Your pipeline includes formulations for oncology and autoimmune conditions like multiple sclerosis. How broad is the potential of your approach?
The potential is as broad as one can imagine. T-cells are the body's natural defense mechanism, protecting against infections, cancers, and other abnormalities. By leveraging this innate ability, we can address a wide range of conditions. CAR-T therapy was the first major step in utilizing T-cells therapeutically, but our approach goes further by removing the limitations of autologous, single-patient therapies.
For multiple sclerosis, for example, we target cells infected by the Epstein-Barr virus, which is implicated in the disease’s development. Once we identify the specific target, we can manufacture T-cells that eliminate those infected cells. This adaptability makes our approach disease-agnostic, capable of addressing various conditions as long as the appropriate targets are identified.
Why haven’t more companies adopted your approach, which seems rather intuitive?

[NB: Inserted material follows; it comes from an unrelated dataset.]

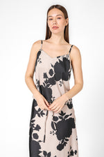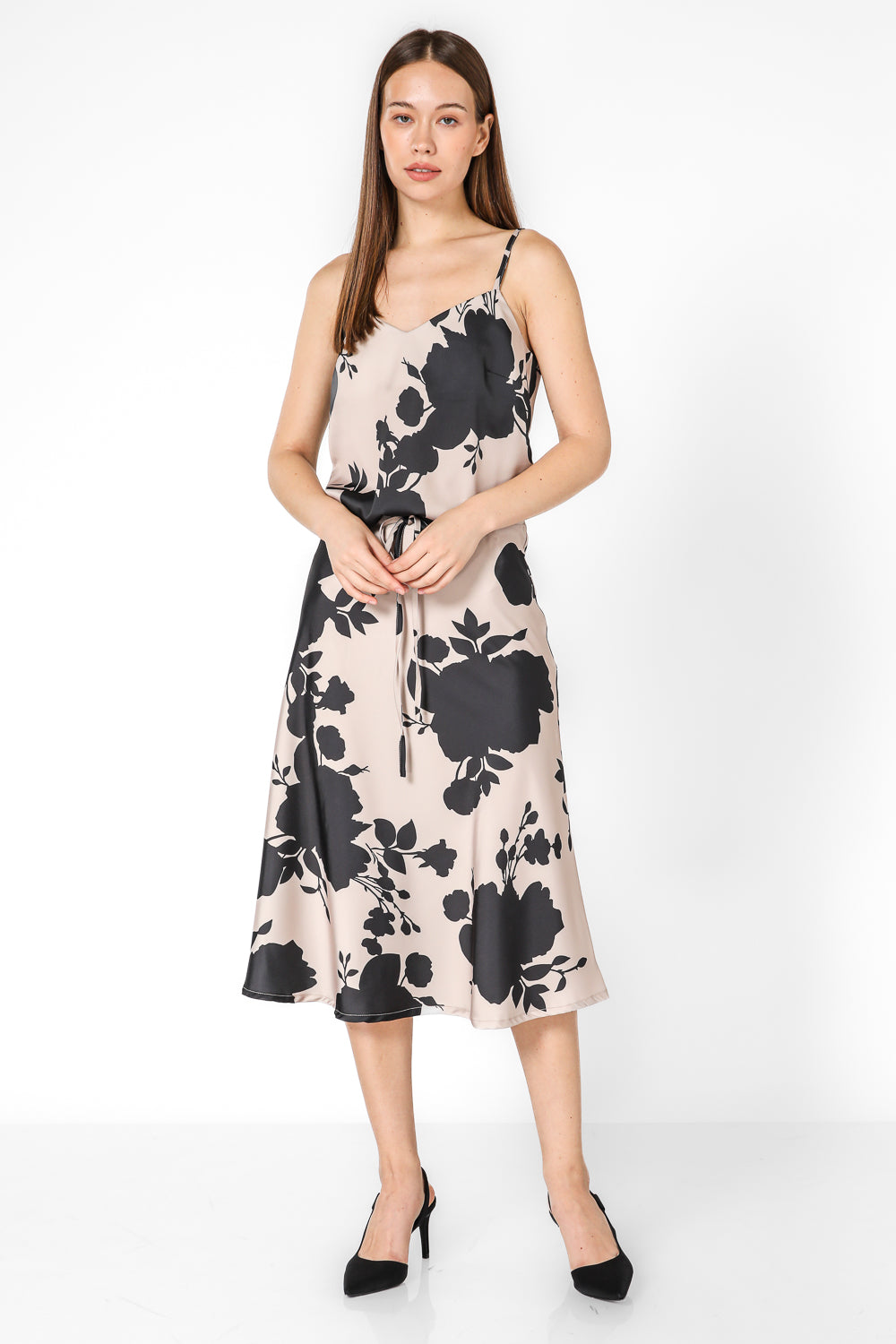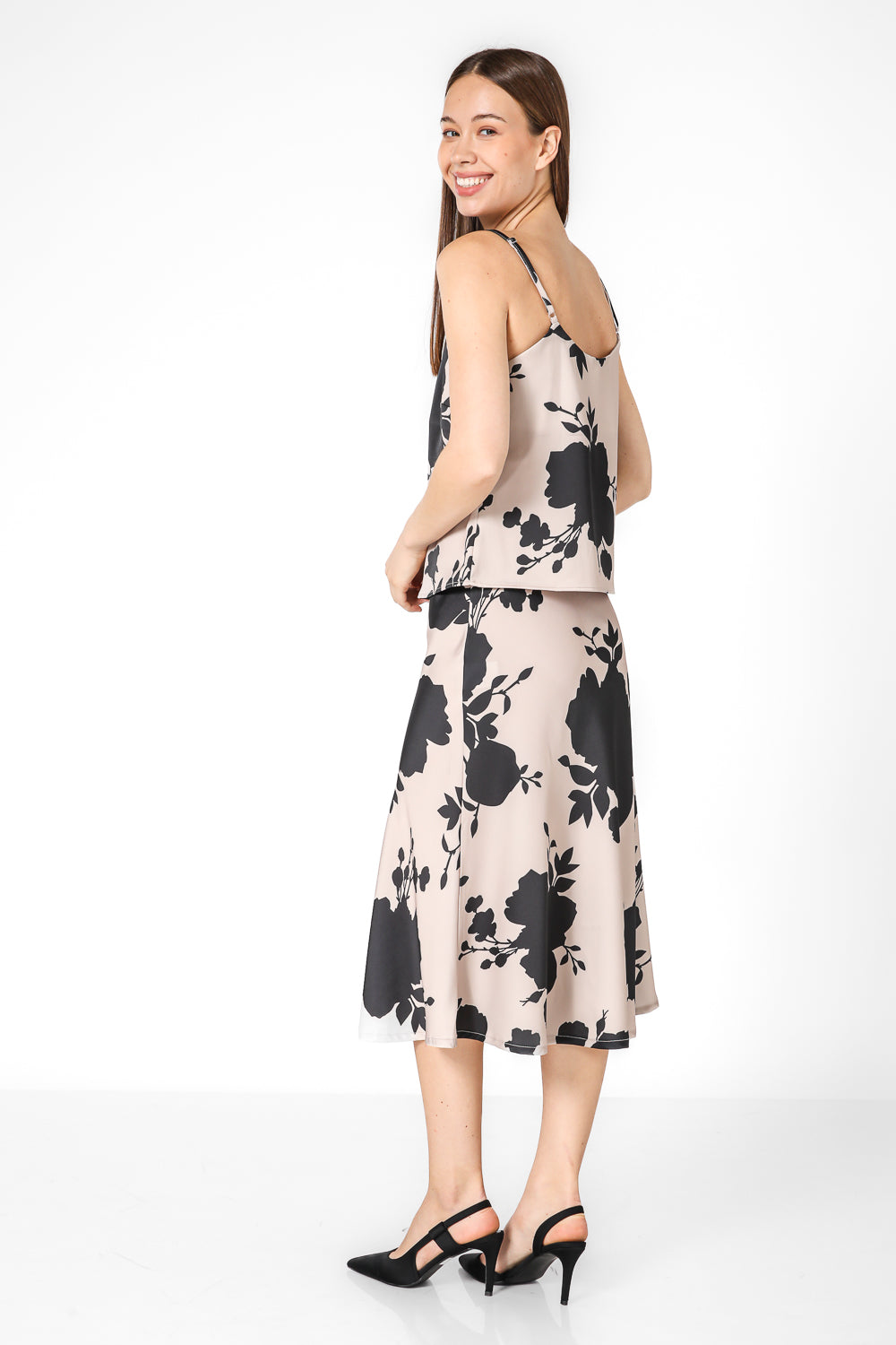 עליונית סאטן בהדפס פרחים בצבע בז'
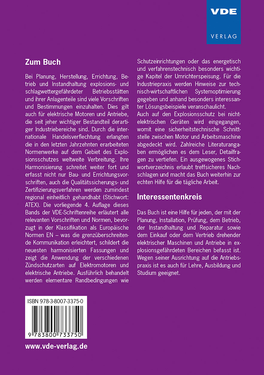 "Das Buch kann praktischer Ratgeber für die alltägliche Arbeit sein." (Elektropraktiker; 7/2014) "Das Buch ist eine Hilfe für jeden, der mit der Planung, Installation, Prüfung und dem Betrieb drehender elektrischer Maschinen befasst ist." (aktuelletechnik.ch 6/2014)

That is a great question. While the concept may seem intuitive, the execution requires overcoming significant scientific and technical challenges. I have spent my career studying T-cell science and learning from prior attempts. One key breakthrough was achieving single HLA restriction, which others have struggled with. This specificity is critical for making therapies broadly applicable and effective.
Additionally, developing this approach required a mix of deep expertise, learning from past mistakes, and, frankly, some good fortune. While I am not a typical biotech startup founder, my experience in big pharma equipped me to bring this vision to life. I believe this will dictate the future of T-cell therapies and potentially revolutionize how we treat diseases.